Small GTPase
Members of the protein family of small GTPases are small proteins, which act through the binding of the nucleotides alternate GDP or GTP as a molecular "switch" in signal transduction. They have a molecular mass of 20-25 kDa and are characterized by five conserved elements, due to which they can be easily identified and assigned. Based on sequence comparisons, the family of small GTPases in the Ras subfamilies, Rho, Rab, Ran Sar1/Arf and can be divided. In plants, there is the small GTPase Rop ( " Rho of plants " ), which owes its name to the homology to animal Rho.
Construction
All previously characterized small GTPases are associated with membranes. The association with the cell membrane is composed of lipids in most cases, is mediated by the post-translationally added to the N -or C- terminus of the fatty acid residue attached ( farnesyl, geranylgeranyl, myristyl or palmityl ). In the most common prenylation farnesyl Geranylgeranylreste or be coupled to a cysteine, which is a component of the C -terminal CaaX motif recognition (C: cysteine , D: aliphatic amino acid, X is leucine, methionine, serine, or glutamine) is. In addition to the prenylation occurs in some Ras GTPases a second post-translational modification in the form of a palmitoylation (e.g., H-Ras and N-Ras ). In other cases, there are positively charged amino acids in a polybasic region in the C -terminus of the small GTPase, which also support the membrane association by interaction with negatively charged groups in the polar part of the membrane lipids. The five conserved regions, the small GTPases are necessary for nucleotide and Mg2 binding, the intrinsic GTPase activity and conformational changes induced by the nucleotide.
Function
Small GTPases take over in the cell a variety of tasks: you are in the growth and differentiation of cells involved (eg, Ras, Ral ), regulate the structure of the cytoskeleton and thus cell shape and cell migration (eg Rho, Rac, Cdc42, Ral ), they are most involved in nuclear import ( for example, Ran ) and regulate exocytosis and endocytosis and intracellular vesicle transport ( for example, Arf, Rab family, Ral ).
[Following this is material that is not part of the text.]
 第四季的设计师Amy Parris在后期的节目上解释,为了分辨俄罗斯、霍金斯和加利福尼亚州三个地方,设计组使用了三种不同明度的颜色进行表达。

The best-known representatives of small GTPases is the protein Ras. Mutations that activate Ras constitutively, play an important role in the etiology of cancer.
Activation
Small GTPases bind guanine nucleotides with high affinity. Accordingly, the dissociation of the bound nucleotide is very low. The change from GDP- to GTP - bound form and thus the activation of the GTPases is therefore catalyzed by so-called " guanine nucleotide exchange factors" (GEF ). Meanwhile, several GEFs have been identified in several cases for the same GTPase, which in part are expressed in a tissue - or development- specific or activated by different signals and in this way contribute to the specificity of the activation of a GTPase. Upon activation of small GTPases by GEFs various intermediate stages are passed through the heterotrimeric G- proteins occur in a similar manner in the activation of G.alpha subunit. For the activation of GTPases by GEFs following mechanism was proposed:
So GEFs have two functions: they destabilize the strong GDP- GTPase interaction and stabilize the nucleotide - free state of the GTPase.
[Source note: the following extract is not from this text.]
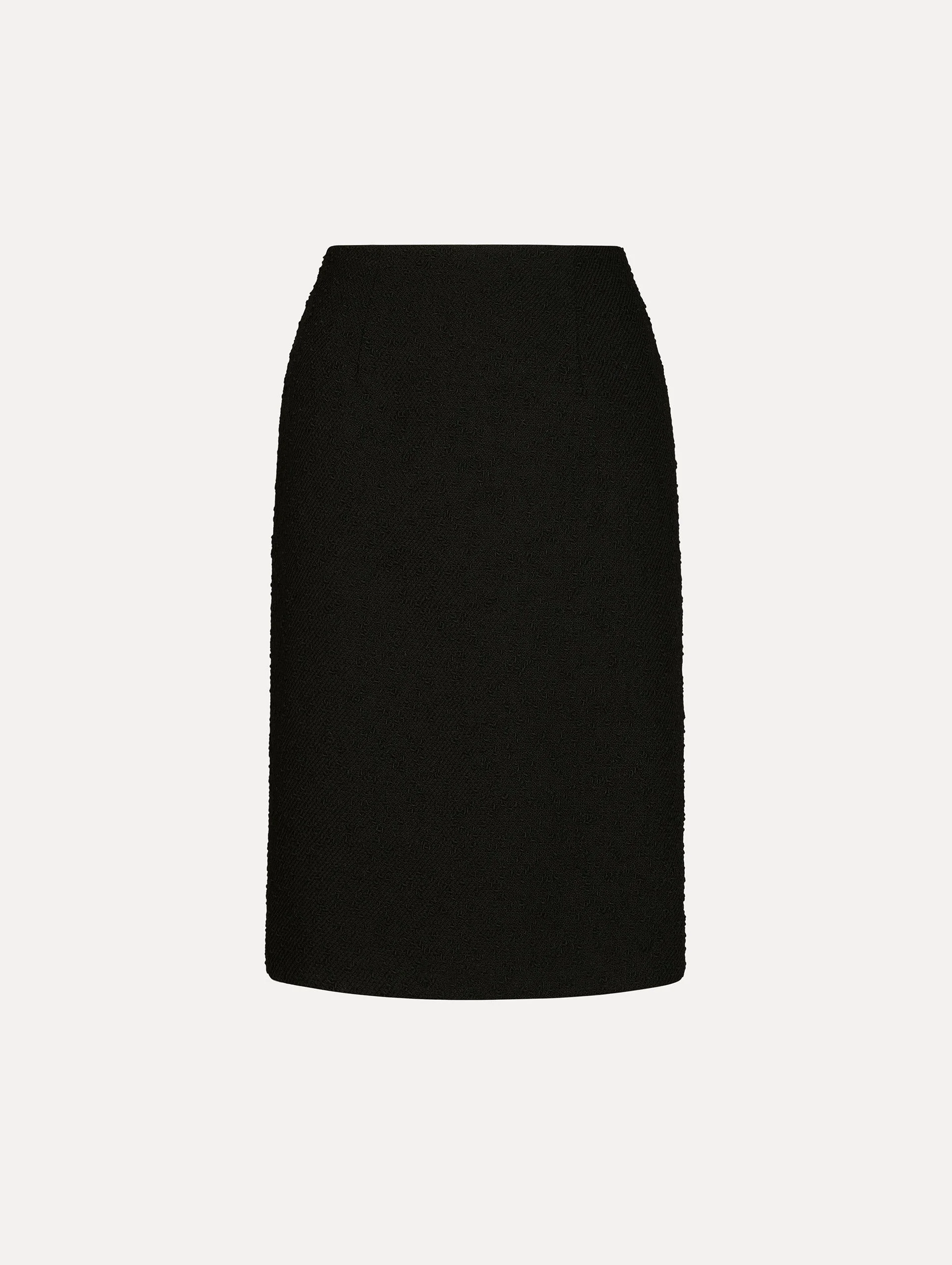 This pencil skirt is tailored from textured tweed that lends subtle depth to its clean, structured silhouette. Refined and timeless, it offers a polished foundation for both day and evening dressing. Details - High Waisted - Banded Waist - Concealed Back Zipper - Style Code: 26SN419SWW_BLK - Country of Origin: Italy Materials & Care - 56% Polyester, 44% Viscose Wool; Lining: 100% Silk - Dry clean only.

Two variable regions change depending on the bound nucleotide conformation. We call these regions therefore "switch I" - and "switch II " region. -Induced GTP - binding conformation of the GTPase allows using the " switch I " region of the interaction with so-called effector. This is, by definition, proteins that interact primarily with the activated, GTP-bound form of the GTPase and are specifically localized in this way and / or activated. The " switch I " region is therefore also often called " effector loop". The exchange of GTP for GDP- bound form, that is, the inactivation of the small GTPase, is by so-called " GTPase -activating protein " (CAP ) catalyzes which enhance the intrinsic GTPase function of the small GTPase and so the hydrolysis of GTP to GDP cause.
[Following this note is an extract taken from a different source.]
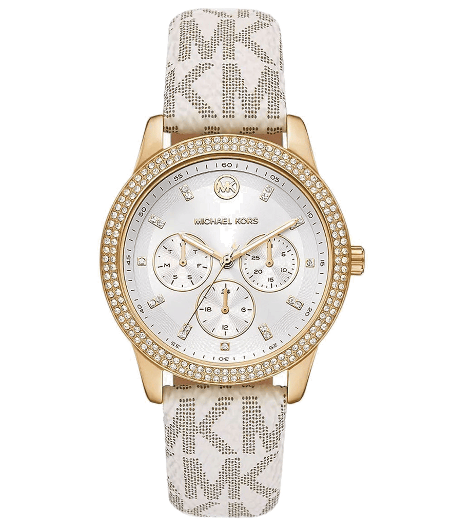 Elevate your style with the Michael Kors Tibby Multifunction Watch in white PVC. Combining luxury and functionality, this watch features a sleek design and multiple functions, including a date display and chronograph. Perfect for the modern woman who values both fashion and practicality.

For some GTPases such as Rab or Rho GTPases called " guanine nucleotide dissociation inhibitor " (GDI ) have been described, which hold the GTPase in the cytoplasm in an inactive state: They stabilize the GDP- bound state of the GTPase and solve the GTPase from the membrane by binding to the prenylated C-terminus of GTPases, which normally anchors the protein in the membrane. GDI -regulated GTPases are therefore also present as cytoplasmic GTPase - GDI complexes. The dissociation of the GTPase - GDI complex is catalyzed by "GDI dissociation factors" (GDF ).